From Ingushetia to the Finland Station

DOI
https://doi.org/10.14288/cinephile.v5i1.197932
Submitted
March 11, 2023
Published
2009-12-01

Abstract

What are the attributes of this brave new cinematic world that we supposedly live in now, all cell-phones and YouTube? I’d propose the following as the key recurring topics in most discourse about cinema’s technological shift: (1) the dissolution of the distinctions between film and video; (2) a freedom to move beyond conventional narrative, a freedom that results from the low cost of new technology; and (3) a newly nomadic globalism, as images are made and distributed more easily than ever. If I may be forgiven a momentary, grouchy digression, I hardly think I am going out on a limb when I say that the work that has come to define this shift is not exactly visionary. I confess that I find viral videos of young Russian men doing deranged ‘street gymnastics’ oddly addictive, but if this is the way forward for cinema (and it basically fits all three of the categories I just named), I’m switching back to literature. I take comfort, though, in the thought that this is not really the future, or not the only one, anyway. Pirjo Honkasalo’s 2004 film The 3 Rooms of Melancholia is the future too.
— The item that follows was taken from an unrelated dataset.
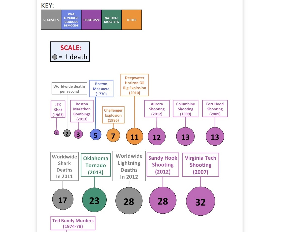 «Wait but why» представил в виде инфографики статистику смертности, вызванной крупнейшими войнами, террористическими актами и стихийными бедствий. Встречаются и специфичные данные — например, количество погибших на горе Эверест.

Even though it won a lot of film-festival awards (and had its US premiere at Sundance), the film is not well known. Honkasalo is a Finnish documentarian who has been working for several decades now, and while she’s well-respected in European documentary circles, her films don’t circulate very widely outside of television and festivals. She is, in many ways, a seminally European kind of filmmaker; she has worked steadily for many years, has maintained a fair bit of independence, and has been able, every once in a while, to make a major contribution that moves the art forward. The 3 Rooms of Melancholia is such a contribution.